**Problem requirements**.
Would you transcribe the records below from the line with "L★古着 半袖 シャツ メンズ 00年代 00s 花柄 シルク 黒" to the line with "6일 오전 서울 광진구", ends included, exactly and with nothing more, leaving the pictures out?

**Information given**.
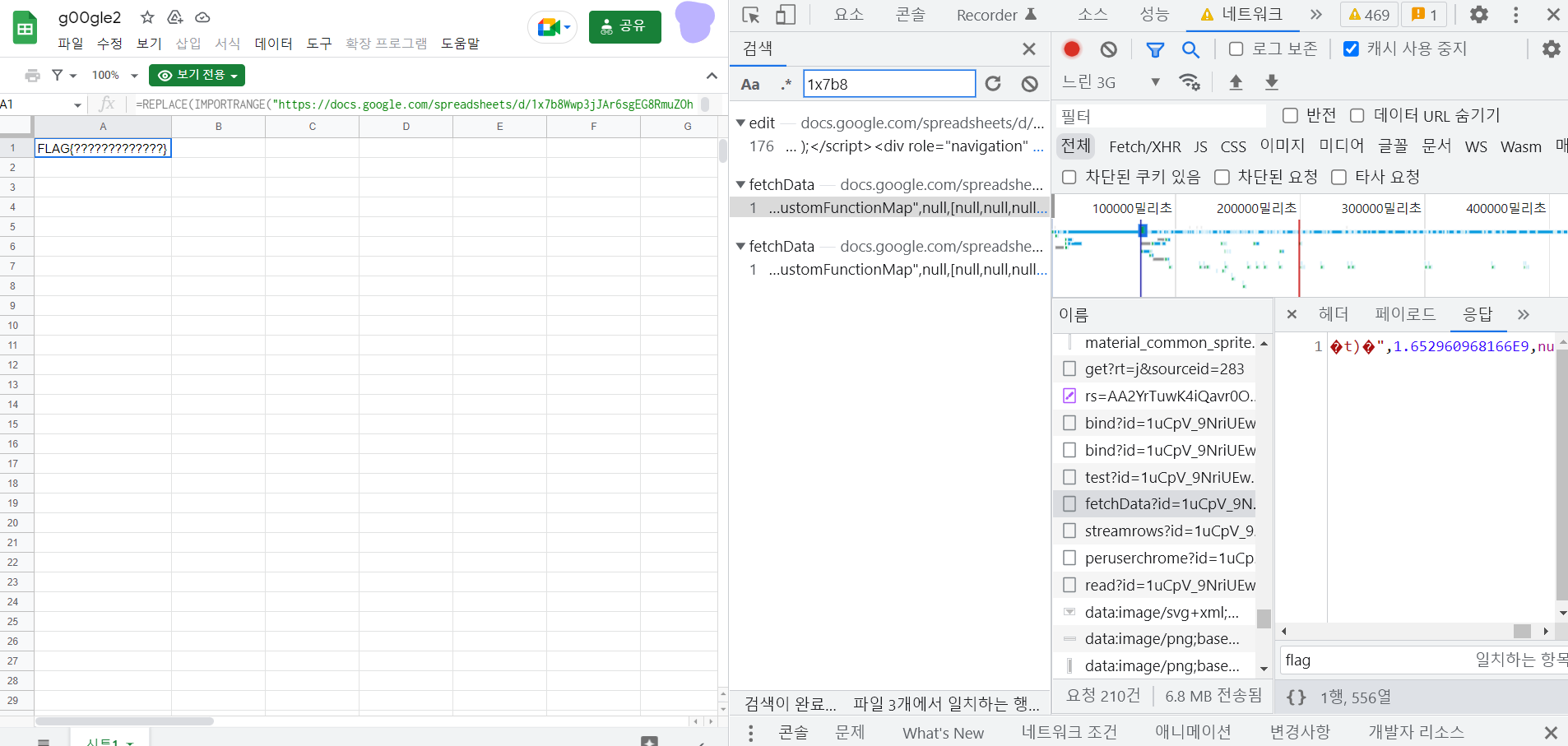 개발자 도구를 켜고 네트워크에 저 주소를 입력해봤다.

* * *

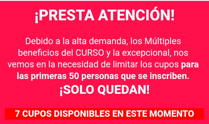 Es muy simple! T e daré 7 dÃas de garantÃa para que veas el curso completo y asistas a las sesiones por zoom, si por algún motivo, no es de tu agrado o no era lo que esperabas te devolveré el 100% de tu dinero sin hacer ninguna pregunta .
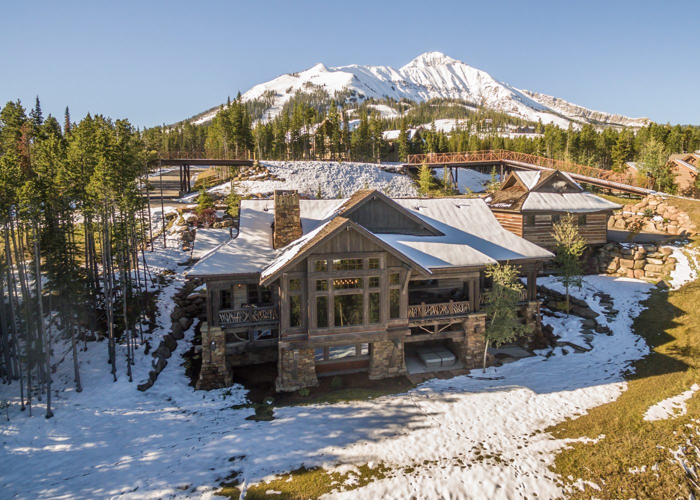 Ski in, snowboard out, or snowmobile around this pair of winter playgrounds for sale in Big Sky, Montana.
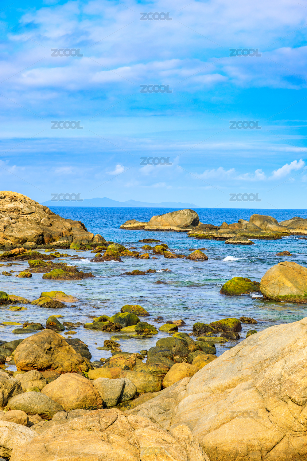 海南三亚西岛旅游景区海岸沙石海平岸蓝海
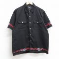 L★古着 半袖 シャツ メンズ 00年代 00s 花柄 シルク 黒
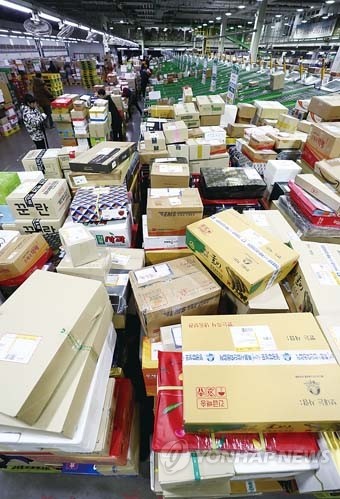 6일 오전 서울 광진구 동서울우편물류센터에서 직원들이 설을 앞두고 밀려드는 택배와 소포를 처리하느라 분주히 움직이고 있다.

**Written answer**.
 L★古着 半袖 シャツ メンズ 00年代 00s 花柄 シルク 黒
 6일 오전 서울 광진구 동서울우편물류센터에서 직원들이 설을 앞두고 밀려드는 택배와 소포를 처리하느라 분주히 움직이고 있다.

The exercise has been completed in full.